------ Data provided ------

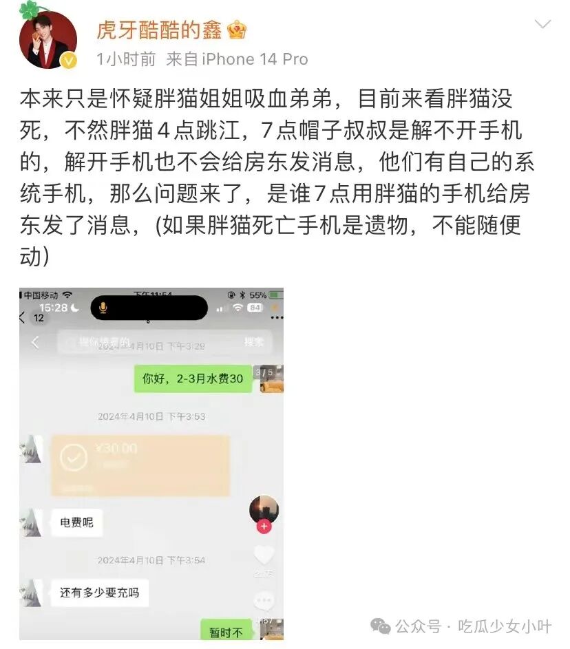 酷酷的鑫质疑的点也很简单,就是这次事件的当事人之一:胖猫的姐姐,他觉得当时胖猫在4月11号晚上跳江后,甚至还没过一会胖猫姐姐就接到了警方的通知,这明显不符合逻辑,哪怕是胖猫手机遗留下来,破解密码也需要耽误一段时间,怎么可能这么快就能通知到他姐姐呢?
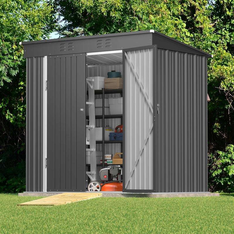 ·6' x 4' Large Storage Shed:Maximize your outdoor space with our spacious 6' x 4' storage shed, measuring 75.6" L x 48.5" W x 71.3" H. Featuring a generous door size of 44.5" L x 62.5" H, this garden shed is ideal for storing your snow blower, lawnmower, outdoor furniture, bikes, grills, generators, and so much more
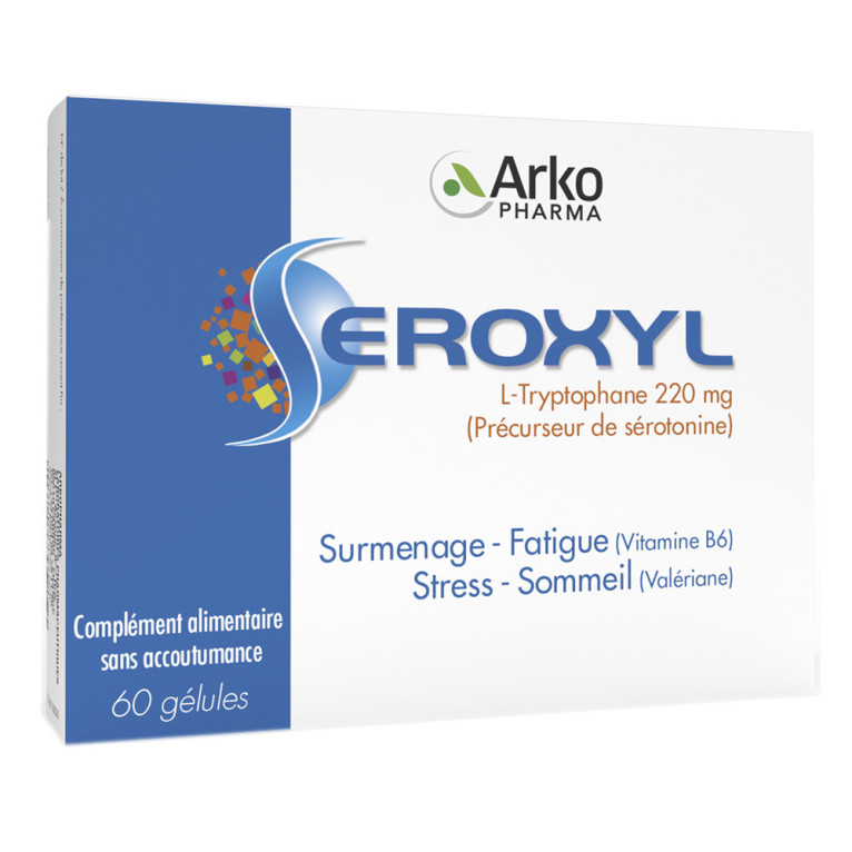 Séroxyl est un complément alimentaire en gélules composé de L-Tryptophane, de vitamine B6 et d'extraits de valériane. Dans cette formule la valériane aide à maintenir un sommeil naturel et participe à soutenir le calme en cas d'irritabilité. La vitamine B6 quant à elle contribue au fonctionnement normal du système nerveux ainsi qu'à réduire la fatigue.
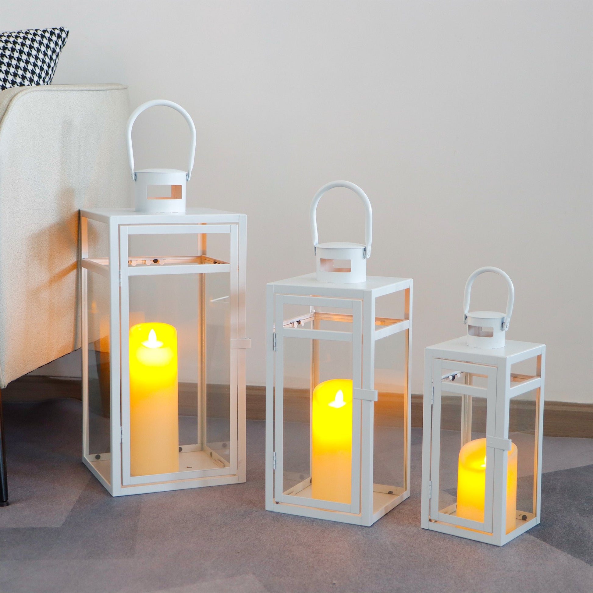 Metal Candle Lantern Set (3pcs, 12/15/19"): Tall Hanging, Tempered Panels, White (Indoor/Outdoor)
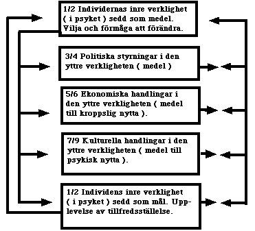 These fields contain means, but 1-2, and only 1-2, contains a final goal. The four fields have influence on each other and directly or indirectly on the final goal: satisfaction for the individual.

------

Leaving out all pictures, print exactly the lines above from the one containing "Metal Candle Lantern" through the last line of the entries.

 Metal Candle Lantern Set (3pcs, 12/15/19"): Tall Hanging, Tempered Panels, White (Indoor/Outdoor)
 These fields contain means, but 1-2, and only 1-2, contains a final goal. The four fields have influence on each other and directly or indirectly on the final goal: satisfaction for the individual.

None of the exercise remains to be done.